King Arthur and Queen Svanne of the Kingdom Blestaire had huge hopes for the Servotum or the magical awakening ceremony of their firstborn child, Prince Dave. But crushing an entire kingdom’s hope, Dave became the first person to be born in Blestaire without magic. His parents abandoned him. A maid was assigned the task of bringing up him as her child. The people in the kingdom were warned not to talk about the incidents. If they did, they were burned to death.

As a man without magic, the whole kingdom disrespected and hated him, except the kids and his invisible, comical friend Ling. Despite a life of hardship, Dave has only love and kindness in his heart for others. But he isn’t always too kind to himself. He dreams of creating a world without hatred. But the sorrow and pain inside him surrounded him like a cold winter of loneliness. That is when Elaine enters his life like cherry blossoms on snow, like a beautiful spring. The events that ensue their encounter change their lives around. If I had to sum up this book in one line I would say – in a tale with magic and monsters, love and hate, poetry and prose, kindness takes centre stage.
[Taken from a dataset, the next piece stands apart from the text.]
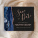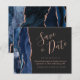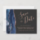 Este elegante orçamento salva a placa de data apresenta uma borda azul-marinho agate com cor d'água cortada com cintilação falsa de rosa. O texto personalizável combina o script de manuscrito rosa-rosa, as fontes em copperplate e itálico em um fundo preto de slate. O lado inverso apresenta um design agate correspondente.
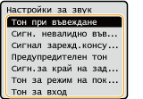 <Сигн. невалидно въвежд.> | Звук, който се възпроизвежда при извършване на невалидна операция с бутон или при въвеждане на номер, който е извън валидния диапазон на настройката |

The story reminded me so much of the barbie stories I watched as a kid. A kingdom, an abandoned child, a magical friend, a love interest, an evil villain, monsters – the book has all the tropes of a Cinderella story. The picturisation of the scenes within the story reminded me so much of Japanese, Chinese or Korean movies I’ve watched; maybe because of the mountains, the spring, the forest, the trees, flowers, and the cherry blossoms on the snow. The narration that uses both poetry and prose hints at a skilled craftsman behind the pages.

As adults who think negativity and darkness are the reality, the idea that kindness can triumph over evil might seem so idealistic or fairytale-ish. But I think the kids will love reading it. As I already hinted at the beginning of this write-up, nothing hypes me up like kindness these days. So even though this is a black-and-white, dream-like, far-from-reality-ish story, I loved reading it.

The book is full of long but quotable quotes. I also enjoyed the quotes about kindness from other authors added at the beginning of each chapter. I couldn’t help but notice issues in areas like punctuation that could be solved by one more round of proofreading. Eg: double punctuation – ,.

Overall it was a refreshing, positive, short read for me with just 59 pages. My rating is 3.5/5.

“In the core of their hearts, all people are kind. It’s just that sometimes the world gets to them faster than the beats of their heart, and they forget all about kindness. It just goes on to show that they have not witnessed the kind of magic that slows down the world around you and makes you appreciate the wonders and genius that have always been around them.”